And You Will Know Us By The Trail of Dead - LOST SONGS - la recensione

Recensione del 22 ott 2012 a cura di Andrea Valentini

Voto 8/10
Giù il cappello, sguardo basso e rubinetto dell’umiltà ben aperto, a farne sgorgare un bel fiotto costante. Questa è la postura consigliata di fronte a un disco così, che ci riconsegna una grande band in forma e con un tiro da levare il fiato. Non che gli
…And You Will Know Us By The Trail Of Dead (per gli amici Trail Of Dead) si fossero persi nel corso degli album precedenti, mostrando piuttosto sfaccettature e volontà di sperimentazione che in generale avevano ammorbidito il loro impatto. Con “Lost songs”, invece, tornano a picchiare duro come nell’epocale “Worlds apart” del 2005, un disco che miscelava una vena indie/college rock statunitense a un piglio post hardcore di derivazione washingtoniana, tipica di molte band Dischord fiorite a cavallo tra gli Ottanta e i Novanta (e citerò i Fugazi solo per comodità, visto che in realtà il primo nome che mi sovviene è quello molto più esoterico dei Three, autori di un capolavoro misconosciuto intitolato “Dark days coming”).

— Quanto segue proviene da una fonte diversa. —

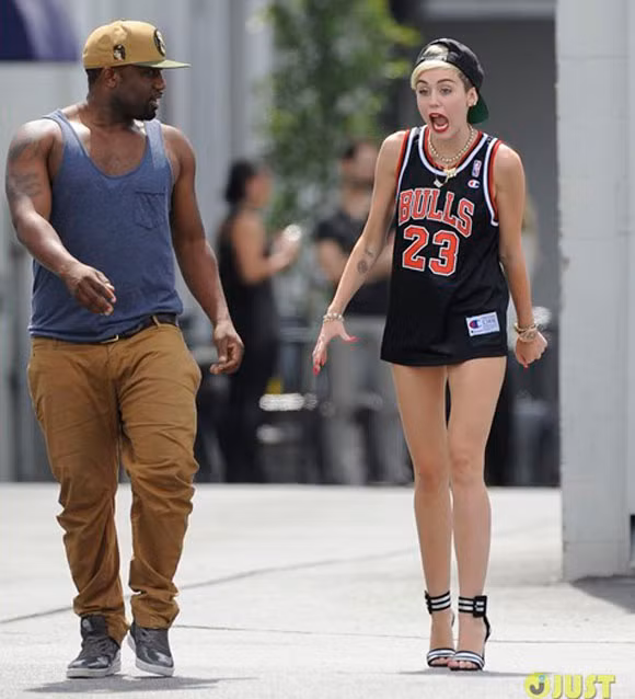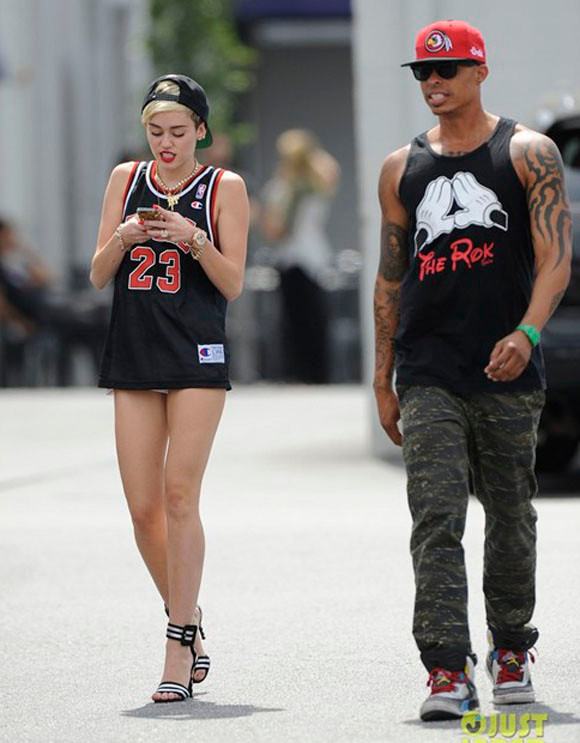 Với trang phục nổi bật, Miley đã ngay lập tức thu hút mọi sự chú ý ở xung quanh, Miley tỏ ra rất thoải mái khi cười đùa ‘thả phanh’ với bạn khi đi trên đường.

Per l'ottavo lavoro in studio la band texana sceglie di incidere nel Vecchio Mondo, ossia agli Horus Sound Studios di Hannover, e dichiara che l’ispirazione che guida l’intero disco è intellettuale e variegata: Cure, KARP, Ros Sereysothea, Human League e Hildegard von Bingen; mentre attitudinalmente “Lost songs” sarebbe l’espressione del rifiuto del sentimento di “apatia verso gli eventi del mondo che piaga la scena della musica indipendente ormai da più di un decennio”, con una dedica speciale al movimento delle Pussy Riot russe.

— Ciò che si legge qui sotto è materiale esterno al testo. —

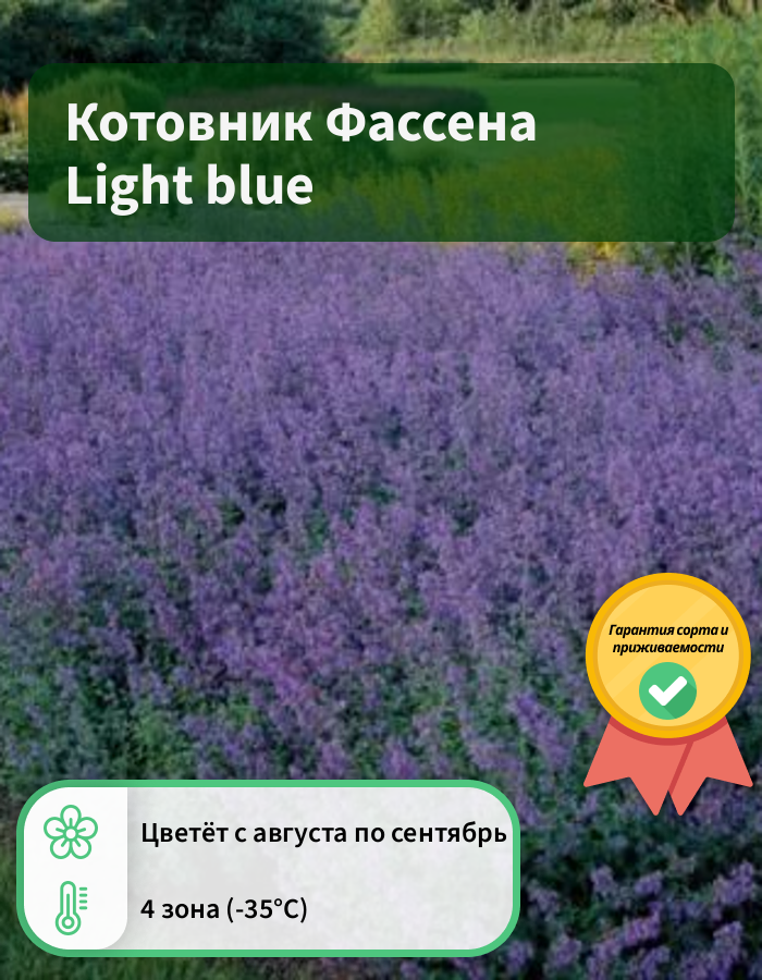 Саженцы котовника Фассена Light blue лучше всего развиваются и обильно цветут на солнце. Но растения переносят и легкую полутень. Сорт устойчив к засухе, даже в особенно жаркие сезоны полив нужен умеренный. Высота многолетника небольшая, примерно 20-30 см. Опушенные стебли скрываются под широкими зелеными листьями. Обильное цветение наблюдается с июня до сентября. Цветочки собираются в колосовидные соцветия сиренево-голубого цвета. На протяжении всего цветения от них исходит яркий мятный аромат. Саженцы котовника Фассена Light blue чаще всего применяют в смешанных цветниках и для бордюров.

Una dichiarazione d’intenti piuttosto pesante che, con un colpo di scena da manuale di drammaturgia, sfocia in un disco godibilissimo che mescola melodie non scontate, ma contagiose, a vere e proprie mazzate di energia. E se il desiderio della band era quello di scuotere coscienze e far circolare il sangue più veloce in vene e arterie, be’, sembra che l’obiettivo sia stato centrato piuttosto bene. Altro che Human League, la benedettina von Bingen e la cantante pop cambogiana Ros Sereysothea…
Certo, i Trail Of Dead non hanno riservato sorprese, né estraggono conigli bianchi dal cilindro (o dal bandanna, se vogliamo essere pignoli), ma qui fanno al top ciò che meglio sanno fare: hardcore evoluto e progressive, a forte densità di chitarre e con ritmiche nervose, frenetiche, a tratti asfissianti.




Niente brani maestosi e orchestrati, zero raffinata tortuosità nel songwriting: i Trail Of Dead del 2012 sono forse i più punk e politicizzati che abbiamo mai ascoltato, cowboy metropolitani con gli anfibi ai piedi, che cavalcano chitarre e fanno falò con le batterie. Senza dimenticare un filo di poesia contemporanea.